Date of Award

Summer 5-15-2019

Degree Type

Dissertation

Degree Name

Doctor of Philosophy (PhD)

Department

Managerial Sciences

First Advisor

Lisa Schurer Lambert

Abstract

Psychological contract literature has found that employees typically react with anger when faced with breach of their contracts (Robinson & Rousseau, 1994). However, the supervisor’s emotional reactions to evaluations of psychological contracts should also be examined because of the supervisor’s key role in overall employee performance evaluations (Ferris, Munyon, Basik, & Buckley, 2008). It is important to understand the complete process that supervisors undertake, which is likely not just a cognitive one as implied by psychological contracts and performance management literature. In this empirical essay, I use emotions and affect events theories as the foundations of supervisors’ emotional reactions to comparing the promised and delivered contributions from their employees.
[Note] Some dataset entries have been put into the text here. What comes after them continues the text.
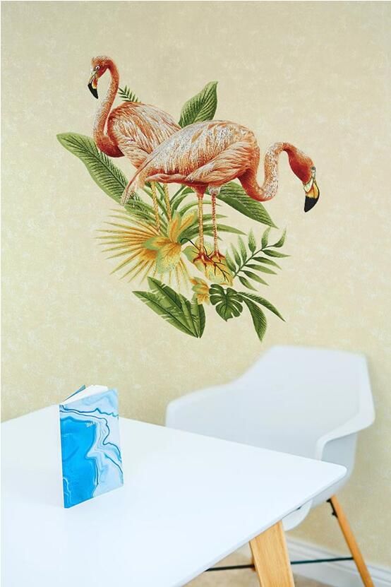 汇明A+墙布刺绣背景墙《火羽双影》中,两只火烈鸟红腿如林,长颈交互,整体画质细腻,色泽饱满,画面立体生动。整幅背景墙利用刺绣工艺,表面平整顺滑,层次分明有序,提升居室的品味与格调,是不可多得的墙面装饰背景。
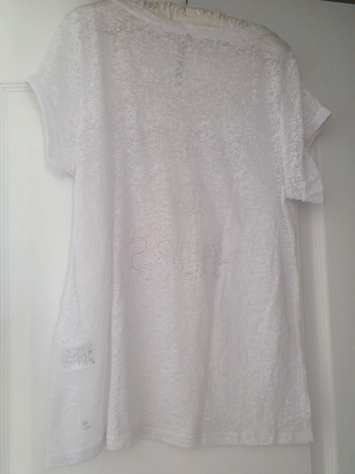 Très bon état très peu porté Matière fluide manches courtes à revers Legerement transparent Inscription blanche sur la poitrine #laetihingantfemme40
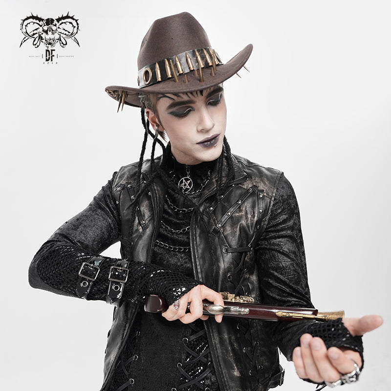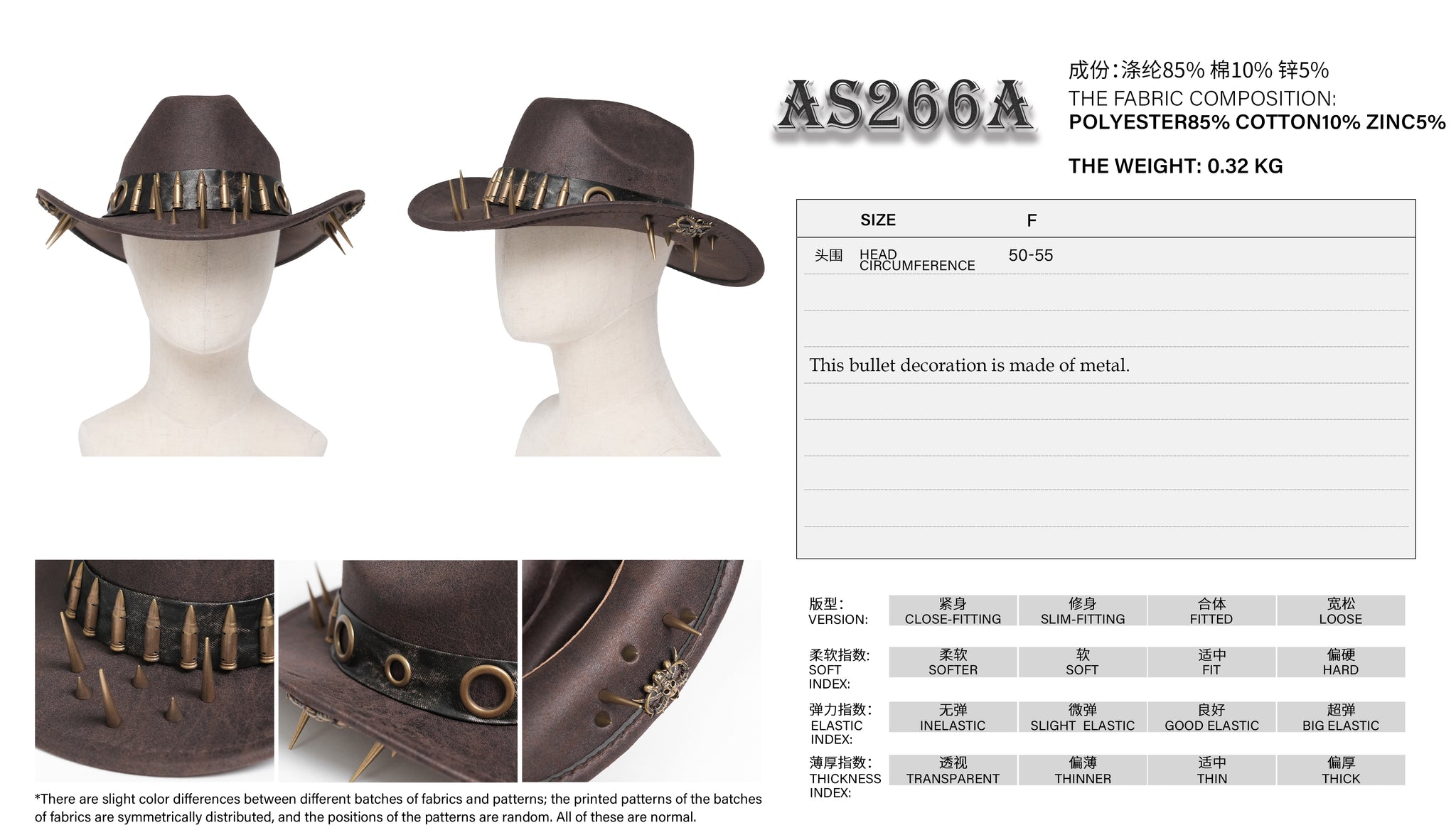 - There is a sheep horn skull metal plate and metal spikes on the raised brim.
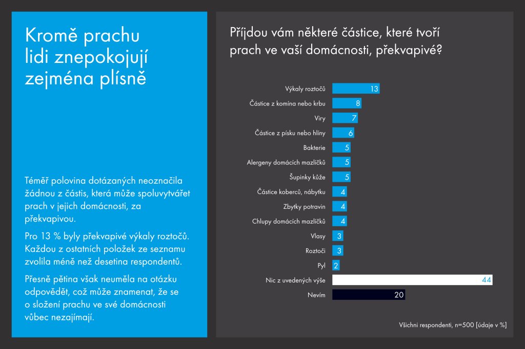 Průzkum provedený pro společnost Dyson zjistil, že pětina respondentů neuměla odpovědět na otázku, jaké částice tvořící prach jim připadají překvapivé. To může znamenat, že se o složení prachu ve své domácnosti vůbec nezajímají. Částice z komína nebo krbu překvapily 8 % respondentů, 7 % pak bylo překvapeno, když zjistili, že se v domovním prachu mohou vyskytovat viry. Nejvíce překvapující součástí domácího prachu se však staly výkaly z roztočů (13 %). Pravdou přitom je, že výkaly roztočů v domácím prachu jsou celosvětově považovány za nejdůležitější spouštěče alergenních onemocnění.
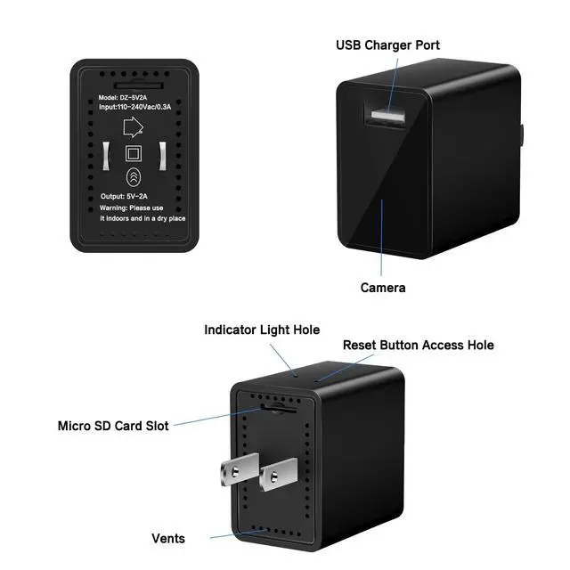 WAY1: Directly Inserted a Micro SD Card into this USB charger camera, and plug this mini camera into an outlet, then this small camera charger will automatically record videos to the SD card.
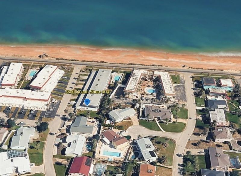 Directions: From Granada Blvd (SR 40), turn north onto Ocean Shore Blvd (A1A), continue 5.3+/- miles, turn left onto Surfside Drive, Unit 14 on the left.
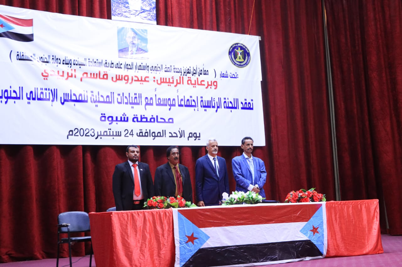 فريق من هيئة الرئاسة يعقد اجتماعاً مع اعضاء الجمعية الوطنية من محافظة شبوة عقد فريق من هيئة الرئاسية للمجلس الانتقالي الجنوبي، اليوم الأحد، اجتماعا مع اعضاء الجمعية الوطنية لل...
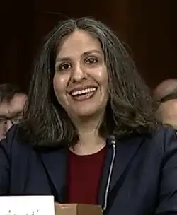 On January 3, 2019, her nomination was returned to the President under Rule XXXI, Paragraph 6 of the Senate.[8] On April 8, 2019, President Trump announced the renomination of Gujarati to the district court.[9] On May 21, 2019, her nomination was sent to the Senate, she was renominated to the same seat.[10] On June 20, 2019, her nomination was reported out of committee by voice vote.[11] On September 9, 2020, the Senate invoked cloture on her nomination by a 94–2 vote.[12] On September 10, 2020, her nomination was confirmed by a 99–0 vote, with Senator Kamala Harris, who was on the campaign trail for her vice-presidential bid as the Democratic nominee, being the only Senator not to vote.[13] She received her judicial commission on September 18, 2020.[14] Upon taking office, Gujarati became the first Indian American to serve as an Article III federal judge in New York.[15]
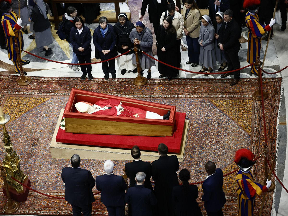 El cuerpo del pontífice ha sido expuesto en la basílica de San Pedro del Vaticano para permitir a los fieles cada día darle el último adiós incluso más allá de la medianoche, hasta el viernes, cuando se clausurará el féretro.
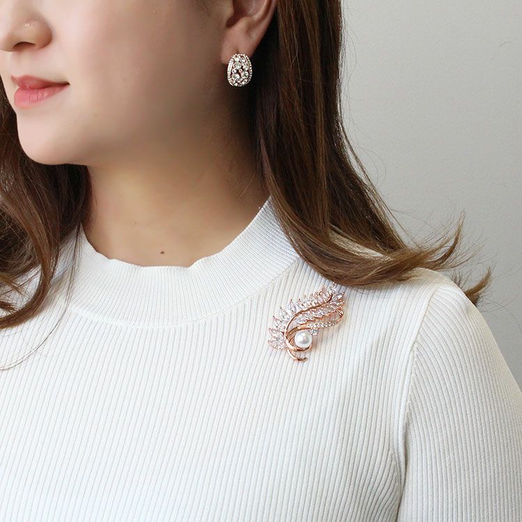 キュービックジルコニア×パールフェザーブローチ
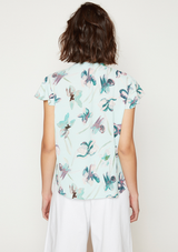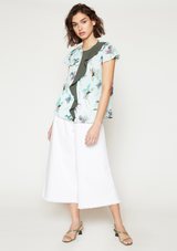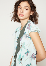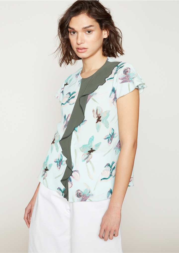 Blusa en crêpe estampado floral con vuelo a contraste. Manga corta. Broches en centro delantero.
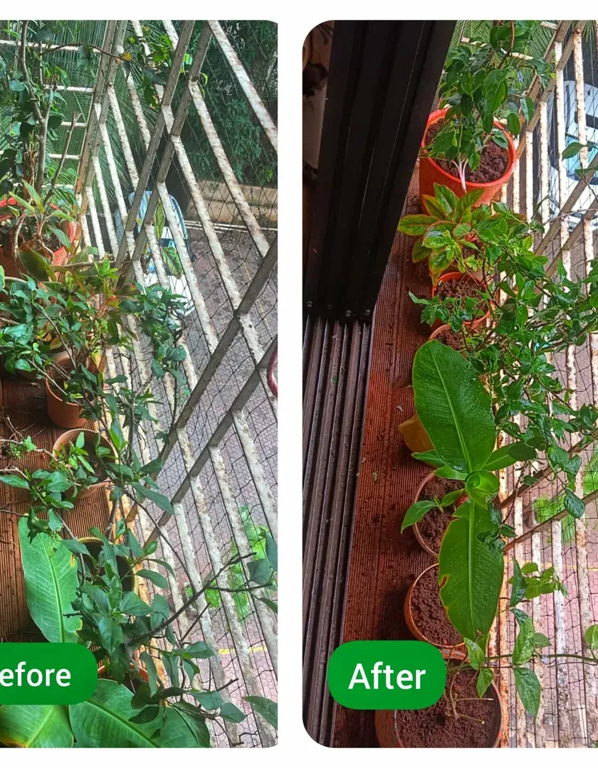 See the real impact of our maintenance service. We bring tired, neglected plants back to life, making your green spaces lush and healthy again. This is the clearest proof of what our expert plant care can do for you.
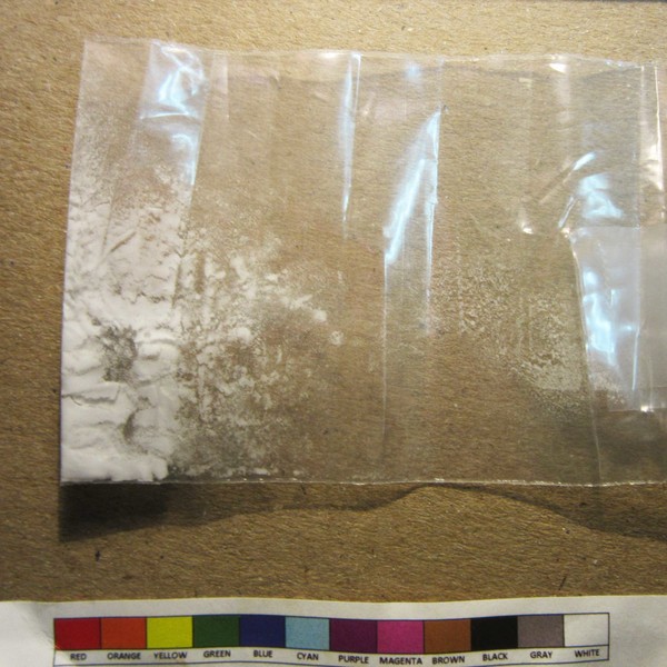 Provisionally identified as starch. No drugs detected, tested several times, salt ruled out, sugar ruled out, consistent with a field test for simple starch.
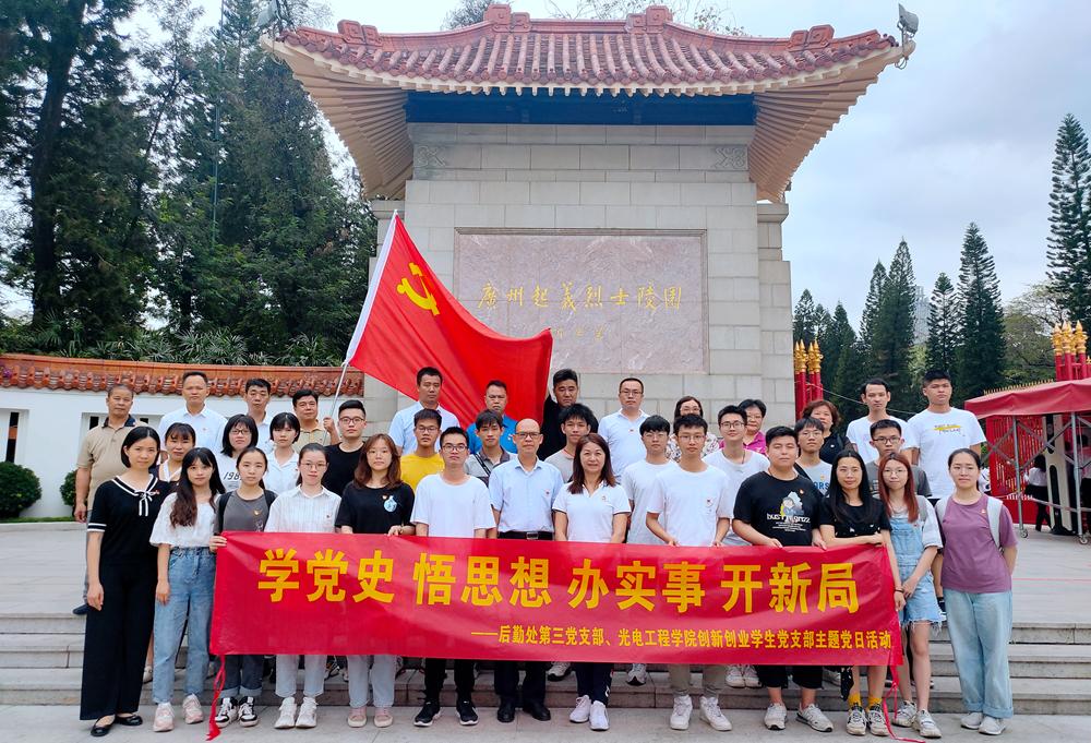 为深入开展党史学习教育,进一步激发基层党组织活力,引导党员师生学史明理、学史增信、学史崇德、学史力行,3月31日,后勤处第三党支部和光电工程学院创新创业学生党支部一行48人,赴广州起义烈士陵园开展“学党史 悟思想 办实事 开新局”主题党日活动。
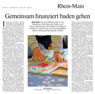Die Chancen steigen für den „Bonus für Bäder“. Wenn der Kommunale Finanzausgleich (KFA) in Hessen 2025 weiter verbessert wird, soll er eine besondere Zuweisung für Schwimmbäder enthalten als Entlastung des Betriebs. Für die anstehende „Evaluation“ haben sich Experten des Landes und der kommunalen Spitzenverbände das Beispiel Schleswig-Holstein angeschaut, wo Schwimmbäder unterstützt werden, in denen man Schwimmen lernen kann. Im Land zwischen den Meeren, in dem es angeblich mehr Badestellen und Strandabschnitte als Einwohner gibt, funktioniert das, was die F.A.Z „Gemeinsam finanziert baden gehen“ (04.05.2023) überschrieben hat. „Alle Kommunen sollten Schwimmbäder mitfinanzieren“ (03.05.2023 ZEIT) heißt es in allen Gazetten. Was steckt dahinter? Experten aus Hessens Finanzministerium und Kommunal-Verbänden haben sich in Schleswig-Holstein erkundigt, wo ein § 24 des Finanzausgleichgesetzes allen Schwimmbädern etwas von diesem Kommunen-Geld abgibt, die sich für die Schwimmausbildung stark machen. Ein Schwimmbad für alle braucht eine Finanzierung mit allen, haben wir in Eschenburg und Dietzhölztal immer gesagt. Wenn sich das nun in Hessen herumspricht, stehen die Chancen gut, dass das dann auch so beschlossen wird „schiedlich - friedlich“, wie der Begründer unseres Bades stets zu sagen pflegt.
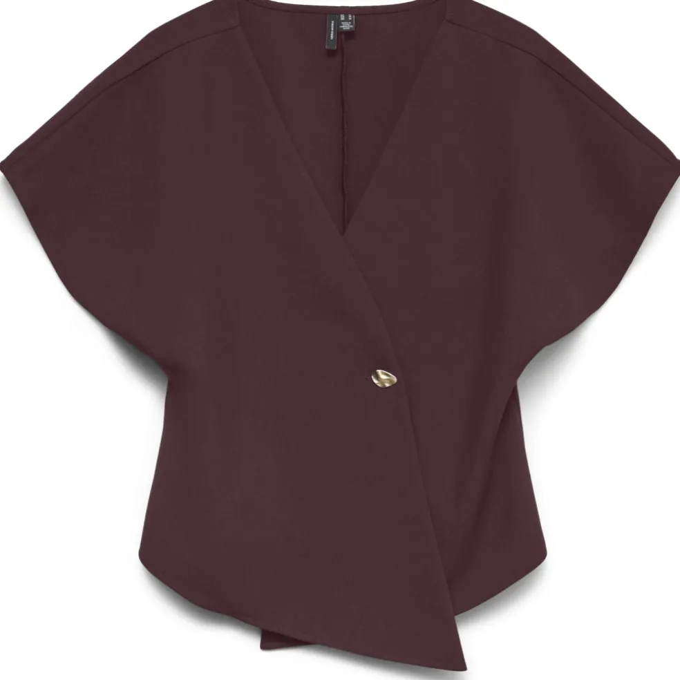 Top med V-hals og knaplukning, kortærmet med droppet skulder. Regular pasform. Kombiner med smykker eller en let jakke for et stilfuldt look.
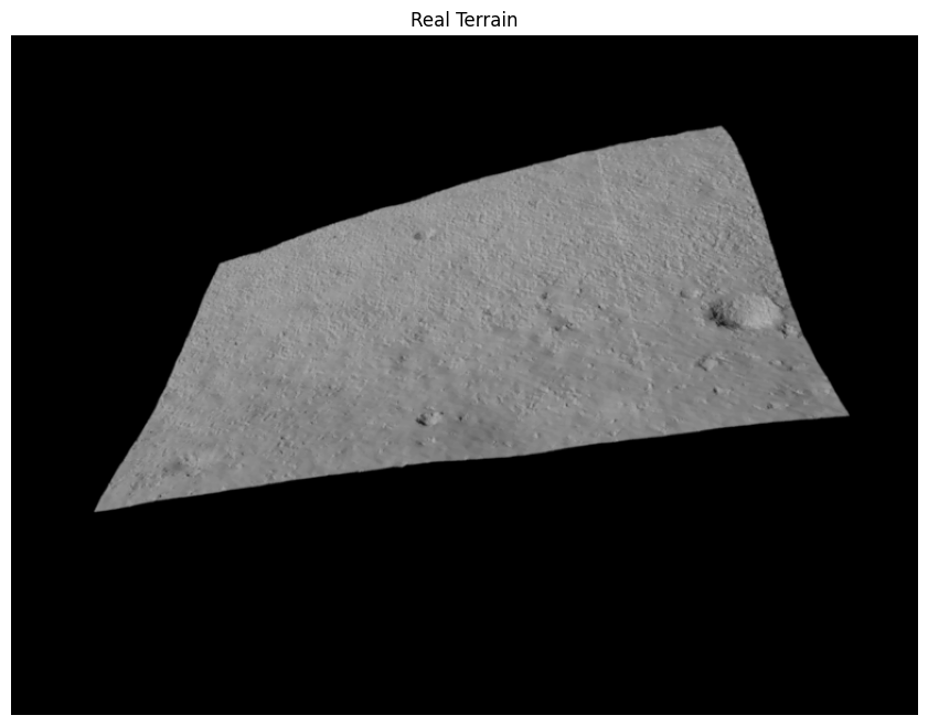A primary goal of this project was to generate synthetic terrain that is statistically and visually indistinguishable from real lunar topographies. Note that the terrains are created as 2d images (same as the LROC DTM data), and then later converted into meshes.

I then build on power-dependence theory to hypothesize about how these emotional reactions are influenced by the supervisor’s dependence on the employee’s contributions. I focus on a variety of emotions – satisfaction, pride in employees, gratitude, anger, disappointment, and jealousy as mediators and neglect and mentoring as employee-targeted outcomes. I aim to show that, because of their dependence on employees’ delivery of contributions and emotion regulation abilities, supervisors experience a variety of emotions – positive and negative – that lead to positive and negative employee-targeted outcomes.